What you expected to happen?
No response
How to reproduce it?
No response
Enter the changed values of values.yaml?
No response
Enter the command that you execute and failing/misfunctioning.
helm install kube-prometheus --namespace monitoring kube-prometheus-stack -f values.yaml
alertmanager:
enabled: true
alertmanagerSpec:
storage:
volumeClaimTemplate:
spec:
storageClassName: rook-ceph-block
accessModes: ["ReadWriteOnce"]
resources:
requests:
storage: 50Gi
grafana:
enabled: true
ingress:
enabled: true
annotations:
kubernetes.io/ingress.class: nginx
hosts:
- grafana.mycluster.mycompany.local
persistence:
type: pvc
enabled: true
storageClassName: rook-ceph-block
accessModes:
- ReadWriteOnce
size: 10Gi
prometheus:
enabled: true
thanosService:
enabled: true
thanosServiceMonitor:
enabled: false
extraSecret:
name: thanos-objstore-config
data:
thanos-storage-config.yaml: |-
type: S3
config:
bucket: thanos-data
endpoint: minio.minio.svc.cluster.local:9000
access_key: access_key
secret_key: access_pass
insecure: true
prometheusSpec:
disableCompaction: true
#retention: 2h
retention: 20d
replicas: 2
storageSpec:
volumeClaimTemplate:
spec:
storageClassName: rook-ceph-block
accessModes: ["ReadWriteOnce"]
resources:
requests:
storage: 500Gi
thanos:
objectStorageConfig:
key: "thanos-storage-config.yaml"
name: "thanos-objstore-config"
Anything else we need to know?
I checked this issue and tried to delete the svc in the kube-system namespace. But it's not working, and after deleting the svc, it was created again. https://github.com/prometheus-community/helm-charts/issues/635#issuecomment-774771566
I also tried 45.6.0 , and got the same error.
This issue has been automatically marked as stale because it has not had recent activity. It will be closed if no further activity occurs. Any further update will cause the issue/pull request to no longer be considered stale. Thank you for your contributions.
I am seeing the same thing. Please do not close this automatically.
We had the same issue. In our case the reason was that the Helm chart was first deployed with another release name, then the chart was uninstalled but it left some resources in the cluster and on deploying it with the changed release name, we saw the error. Removing the old resources (IIRC it was some services) fixed the problem.

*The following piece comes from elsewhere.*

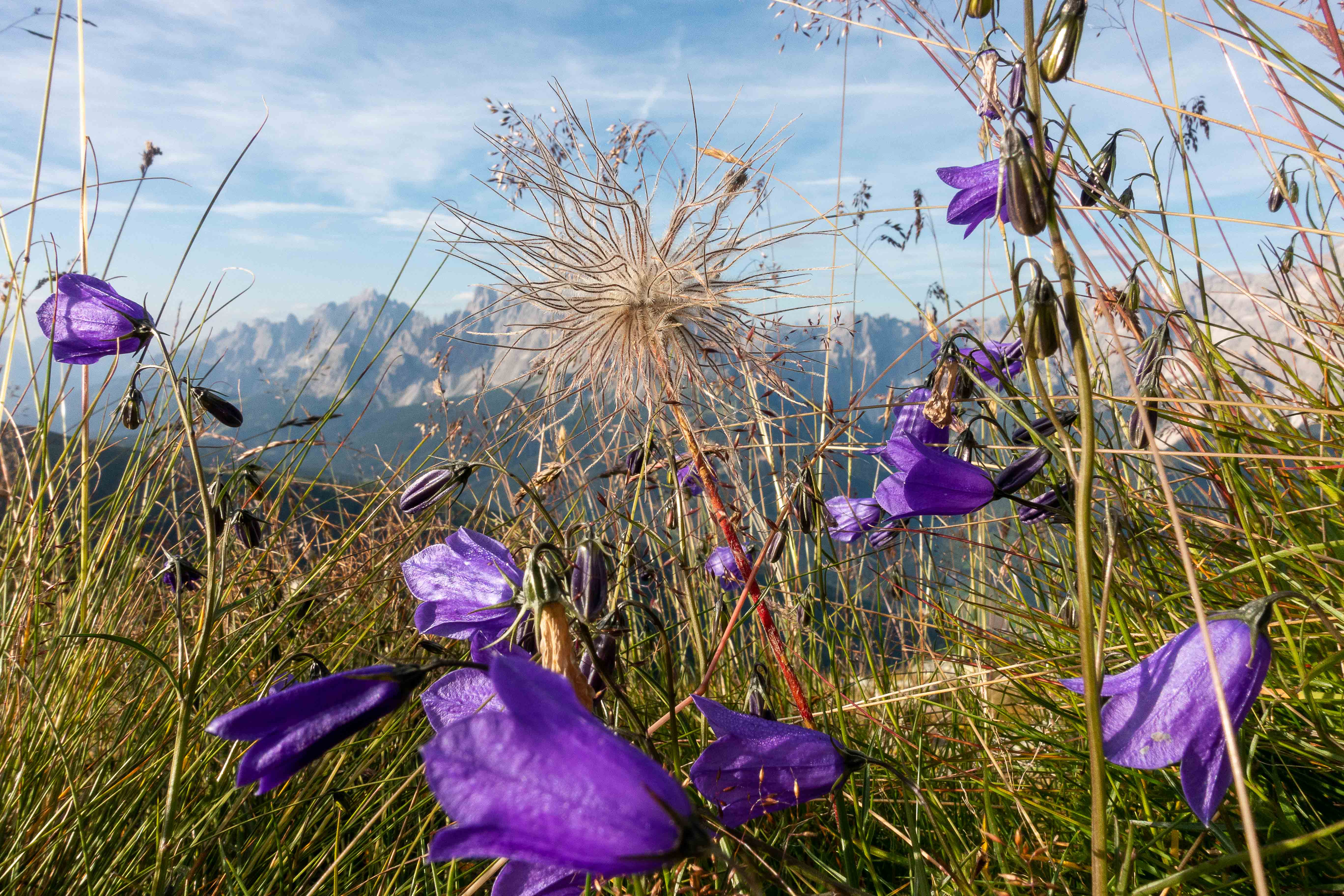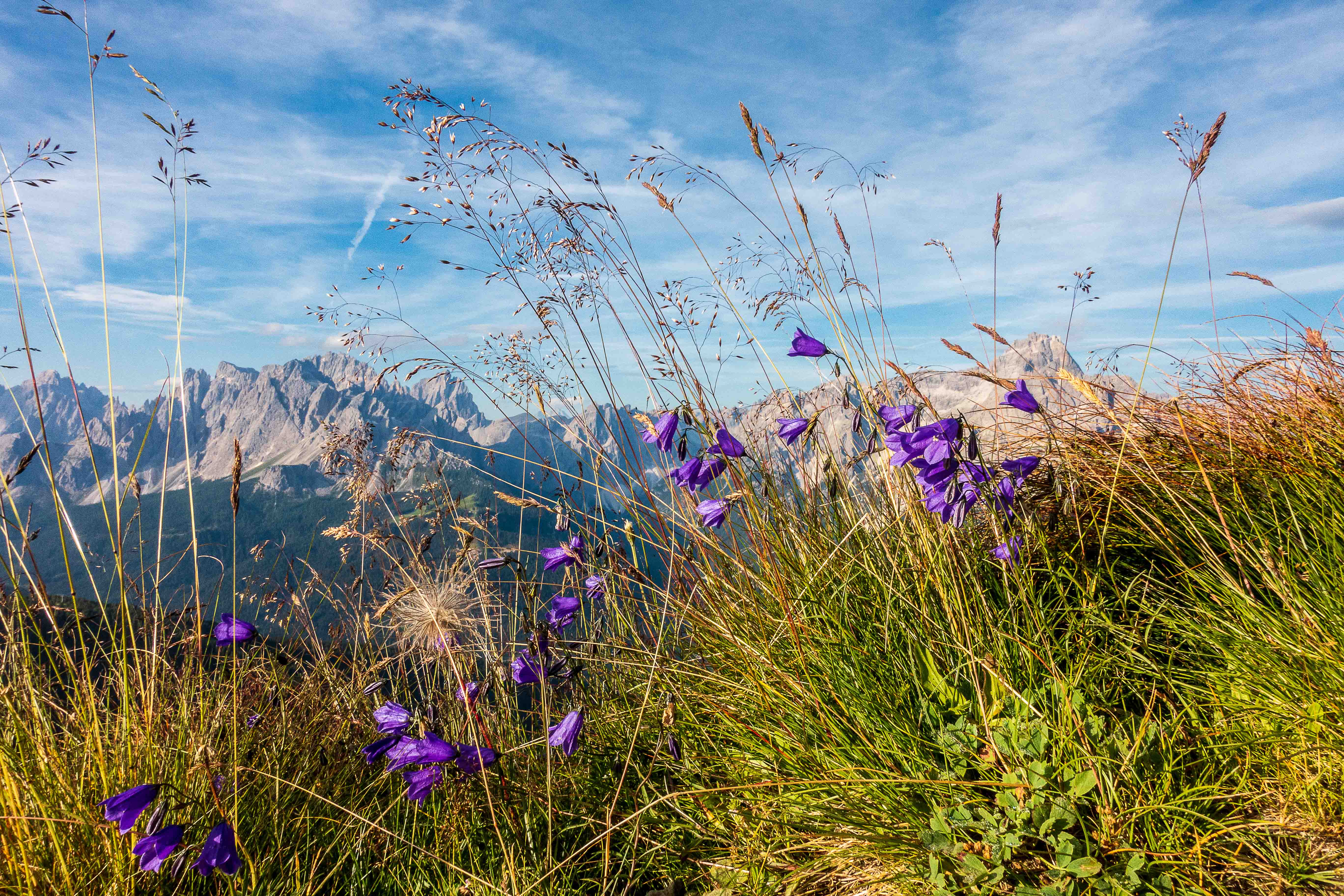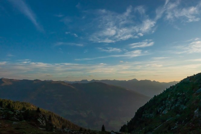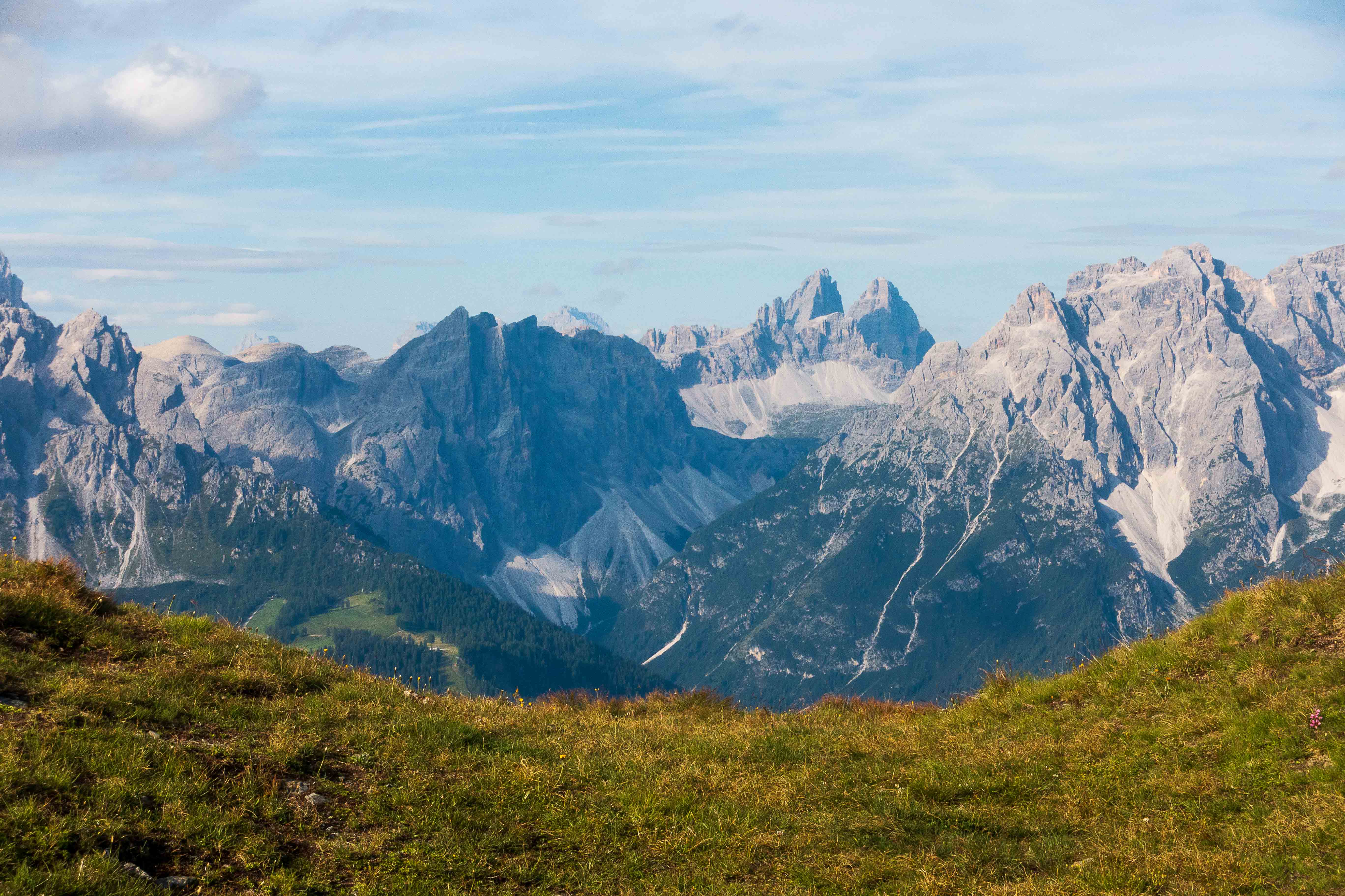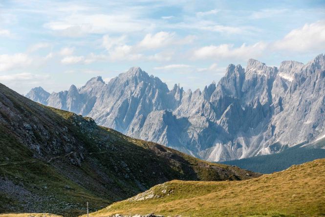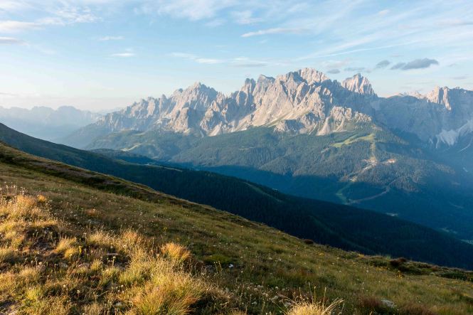 Gegen 5 Uhr wird es langsam hell, gegen 6:30 Uhr laufe ich los, immer noch mit ziemlich schweren Beinen. Doch kaum eine halbe Stunde später stehe ich auf der Kammhöhe. Von hier ist der Blick in die SEXTENER DOLOMITEN grandios, alle Müdigkeit ist auf einmal verschwunden. Den ganzen Tag über genieße ich die einmaligen Sicht in diese pittoreske Bergwelt, bizarr recken sich die Felsnadeln und Türme dieses Gebirges in den Himmel. Von hier sind es nur noch ein paar Schritte zum HELM, dem westlichsten Gipfel der KARNISCHEN ALPEN, und dem leider verfallenen HELMHAUS. 1889 von der Alpenvereinssektion Sillian als Schutzhütte erbaut, ging es nach dem Ersten Weltkrieg in italienischen Besitz über. Erst wurde es militärisch genutzt, dann diente es bis 1980 den Zöllnern. Seitdem steht es leer und verfällt zusehends. Es bestehen zwar Pläne für einen Neubau, aber leider findet sich kein Finanzier.

happens to me also with 58.5.3
This solved my issues:
kubectl -n kube-system delete svc prometheus-kube-prometheus-kubelet
In our case the reason was that the Helm chart was first deployed with another release name, then the chart was uninstalled but it left some resources in the cluster
This was my case as well - some Service-s in kube-system were no cleaned up when uninstalling a release, and were affecting a new release with a different name. Manually deleting the two services with old release name from kube-system solved it.
This issue has been automatically marked as stale because it has not had recent activity. It will be closed if no further activity occurs. Any further update will cause the issue/pull request to no longer be considered stale. Thank you for your contributions.
This issue is being automatically closed due to inactivity.